Whether most people like to admit it or not, we can be “a little stitious” (as Michael Scott famously said) when it comes to situations where a little luck could help. Sometimes, that means a certain ritual before a big presentation or job interview. For rabid sports fans, it may involve wearing a specific jersey on game day, or only sitting in a specific location on the couch. By Tim Nelson
For NASA engineers who find themselves on hand for pivotal moments like this week’s Perseverance landing on Mars, making sure everything goes off without a hitch not only requires knowledge of rocket science, but a whole lotta peanuts.
The unorthodox tradition isn’t a recent phenomenon. In fact, it predates Neil Armstrong’s momentous moon walk by five years. It all started during the Ranger 7 mission, staged at the Space Flight Operations Facility at NASA’s Jet Propulsion Laboratory. The first six Ranger missions were a failure, so the mood at mission control was obviously a little tense on launch day. That’s when Dick Wallace, mission trajectory engineer, had the wise idea to lighten the mood by passing some legumes.
“I thought passing out peanuts might take some of the edge off the anxiety in the mission operations room,” Wallace recalled to NASA many years later. “The rest is history.”
Indeed it has been, especially as peanuts would exhibit a weird correlation with a given mission’s success in the half a century since. As NASA tells it, the absence of peanuts was observed on multiple failed or delayed launches.

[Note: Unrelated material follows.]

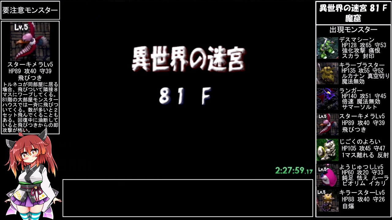 こいつよくクリアできたな。<br><br>動画内容<br> 魔窟(81F~99F)<br> 反省会(17:15~)<br><br>お借りした立ち絵:りんどう様 <a href="https://seiga.nicovideo.jp/seiga/im10261811" target="_blank" rel="noopener">im10261811</a><br><br>マイリスト:<a href="https://www.nicovideo.jp/mylist/71596448" target="_blank" rel="noopener">mylist/71596448</a><br><a href="https://www.nicovideo.jp/watch/sm39407366" class="watch">sm39407366</a> ← 前 次 → ポポロ異世界:<a href="https://www.nicovideo.jp/watch/sm39569572" class="watch">sm39569572</a><br><br>【追記】<br>おまけの動画は異世界高レベルプレイです。<br>90~99階を巡回降りしてますがダースは2体でした…。(憤怒)<br>ワナの巻物の仕様については知りませんでした。<br>教えてくれてありがとナス。<br><span style="color: #ff0000;">【訂正】<br>かなしばり状態の敵ではひょうがまじんは回り込みませんでした…。<br>店長と同階層に出るスペクテットの鉄化状態を活用してください。<br>ご指摘ありがとナス。&ガバ解説申し訳ナス。</span><br><br>たくさんのご視聴、いいね!、コメント、広告、フォロー、<br>マイリス登録ありがとうございます。

In the case of one such event, a launch delayed by 40 days somehow only took place after those lucky peanuts showed up.
Now, those peanuts have become a fixture at every major stage of a NASA mission, taking on a sort of life of their own. Based on recent tweets, there seem to have been plenty of lucky peanuts on hand at the moment Perseverance touched down.
Director of Planetary Science Lori Glaze and I have our @nasajpl lucky peanuts at hand. Just under 3 hours until @NASAPersevere’s landing! #CountdownToMars pic.twitter.com/vQU7FxFGfq
— Thomas Zurbuchen (@Dr_ThomasZ) February 18, 2021
God bless this excited man and his jar of stress peanuts.#Mars2020 #CountdownToMars #luckypeanuts pic.twitter.com/6eh3UWrTgQ
— J Sigala (@SketchyBreckfus) February 18, 2021
Despite all that, an organisation employing some of the brightest aeronautics engineers America has to offer would never come out and admit that peanuts had any bearing on their performance. Even still, when it comes to making sure an expensive, unmanned vehicle successfully lands on a planet that takes six months to travel to, there’s no reason that your snack choices should leave anything to chance.